Ideally, you want a workforce that can quickly adopt your tool, and help you adapt it to better meet your needs. It’s important to have a closed feedback loop with your data workers. As their familiarity and context with your data grows, they will bring valuable opportunities for you to streamline your process. They can suggest adjustments for your process and tool that can introduce competitive differentiators for the ML models you’re developing.
Managed teams deliver higher accuracy than crowdsourced teams, based on a study conducted by data science platform Hivemind, which provides a data labeling tool for natural language processing (NLP). Your labelers should be screened for proficiency with labeling tasks and receive ongoing training to improve their skills. You will achieve higher accuracy when the workforce operates like an extension of your team.

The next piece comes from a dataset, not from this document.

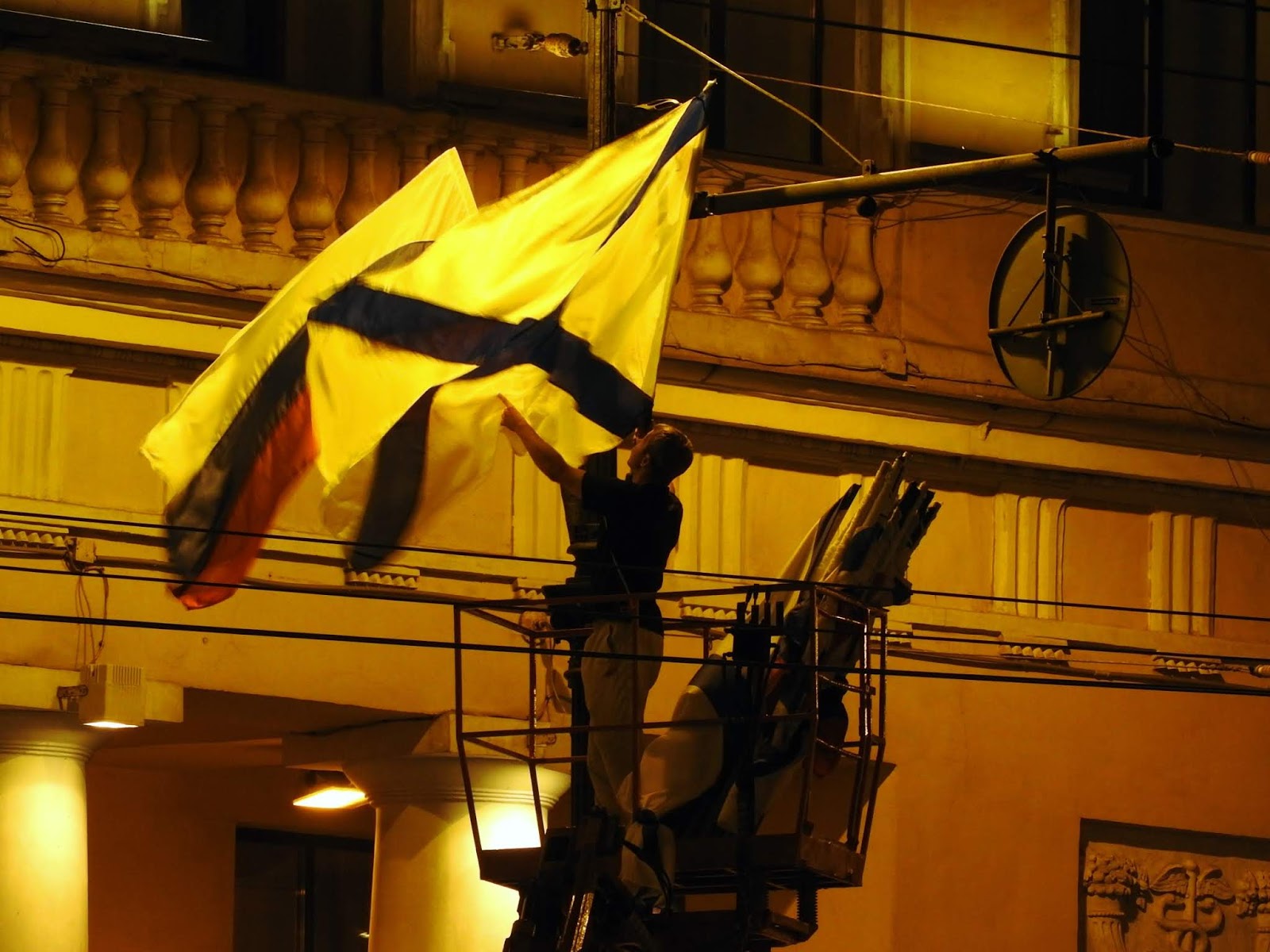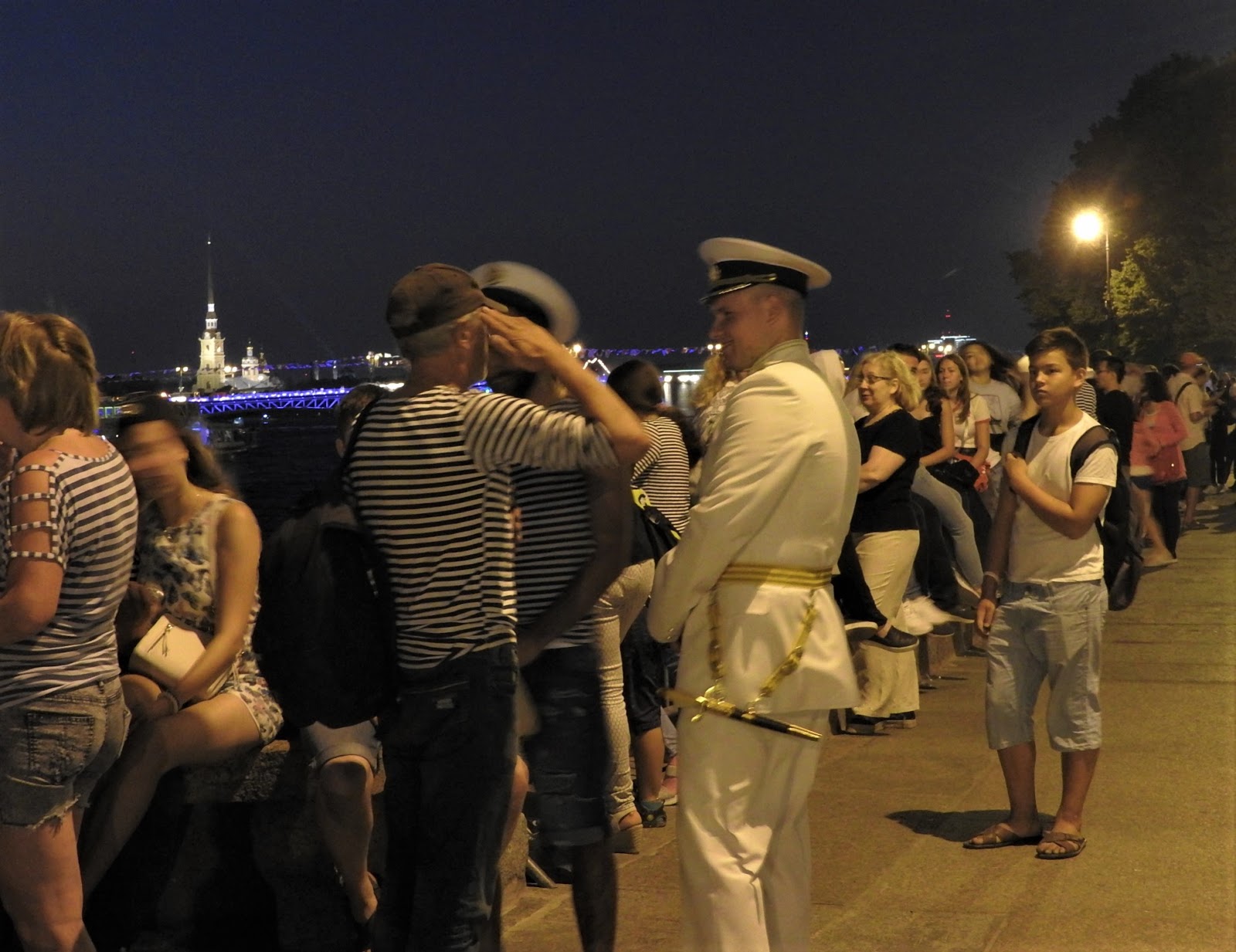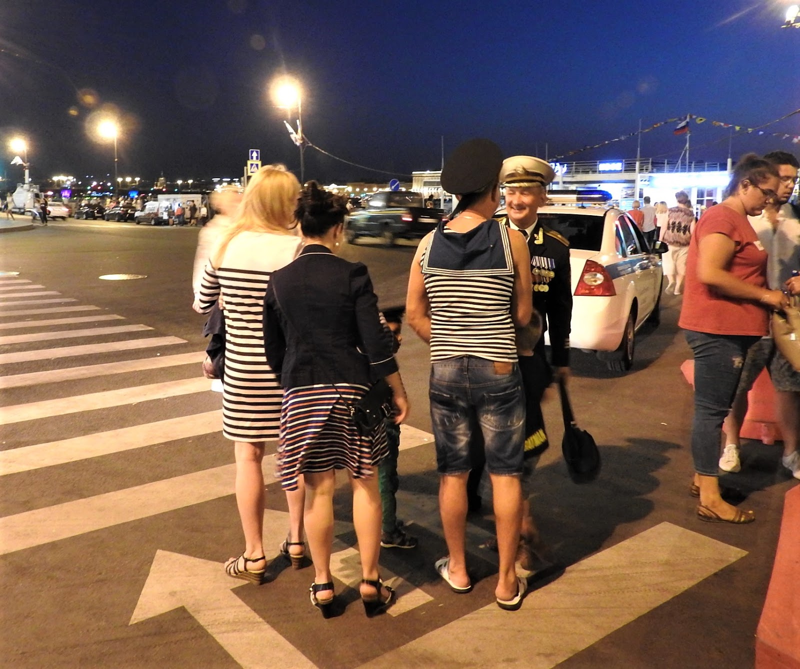 День ВМФ Народу тьма, моряки поздравляют друг друга на улице.

5. Factor in your data quality requirements.
Many tools include QA features, and you can even automate a portion of your QA. However, even when you are using time-tested automation for a portion of your data labeling process, you will need people to perform QA on that work. For example, optical character recognition (OCR) software has an error rate of 97% to 99% per character. On a page with 1,800 characters, that’s 18-54 errors. For a 300-page book, that’s 5,400-16,200 errors. You will want a process that includes a QA layer performed by skilled labelers with context and domain expertise.
There are a few managed workforce providers that can provide trained workers with extensive experience on labeling tasks, which produces higher quality training data. Be wary of locking into a multi-year contract with your workforce vendor. If your data team isn’t meeting your quality requirements, you will want the flexibility to test or choose another workforce provider without penalty.
Think Big, Start Small, and Scale Fast
Your choices about tooling and workforce will be important factors in your success as you design, test, validate, and deploy any ML model. And, that process will be progressive and iterative. Beware of getting locked into tooling or workforce contracts. If there’s one thing that’s certain in ML development, there will be technical changes, learning, and plenty of surprises along the way.
Make sure your tooling, workforce, and process provide the flexibility and agility you need to innovate. In general, you’ll want to think big, start small, and scale fast. Your choices are likely to make the difference between winning or losing your race to market.